"To-morrow night at twelve."

"Good. I shall endeavour to dispose of the sentinel at the gate."

"With the dirk? Nay, I like not that, Oina," said Rob Roy.

"Nay, with this," she replied, laughing, as she took the hunting-bottle of whisky from the basket in which she had brought a breakfast for MacGregor.

"To-morrow night we muster at the burn foot, near Inversnaid. At twelve the attack will commence—twelve remember, Oina; and if the sentinel be not silenced by you, we must e'en trust to the sledge-hammer first and the steel blade after."

When Oina left him to return to the fort the hours passed slowly and anxiously with MacGregor, who in his hiding-place could hear the drums when they were beaten at daybreak, sunset, and tattoo, in the barrack at Inversnaid; and he prayed that the time might come when that sound, which was rendered, by association, so hateful to a Highland ear, would be hushed among his native hills for ever.

Whether victorious or not, Rob Roy could scarcely hope that an act so daring as an attack on a royal garrison would pass unpunished; but he heeded not.
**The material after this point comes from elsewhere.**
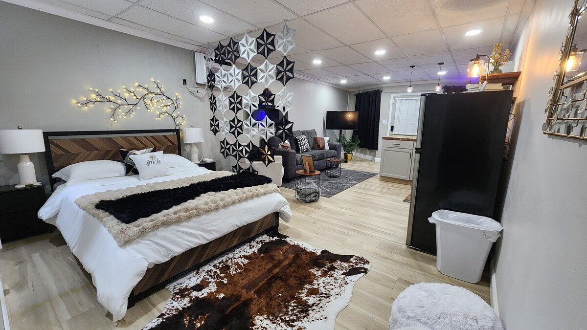Этот отремонтированный люкс, расположенный на задней половине двухуровневого дома, выходит на наш лесистый участок площадью 26 акров и в нескольких минутах ходьбы от небольшого пруда. Здесь есть 2 крыльца с отдельным входом. В этом люксе есть открытая зона с двуспальной кроватью размера King size, кухней, столовой и гостиной, 1 ванной комнатой и прачечной. Есть дополнительная спальня с двуспальной кроватью, собственным телевизором и запирающейся дверью. Жилье находится в 15 минутах от 2 крупных больниц, Университета Маршалла, центра Хантингтона и торгового центра Huntington Mall.

By that deed he resolved to make a terrible protest against the usurpation of his land, and the erection of such a building in the country of the MacGregors.

CHAPTER XXIX.
THE STORMING OF INVERSNAID.

The eventful night proved dark and cloudy. The month was April, but already the young buds had burst, and were in full leaf in the wild woods that bordered Loch Lomond, when Rob clambered out of the deep rocky fissure which formed the approach to his cavern, and sought the place of tryst.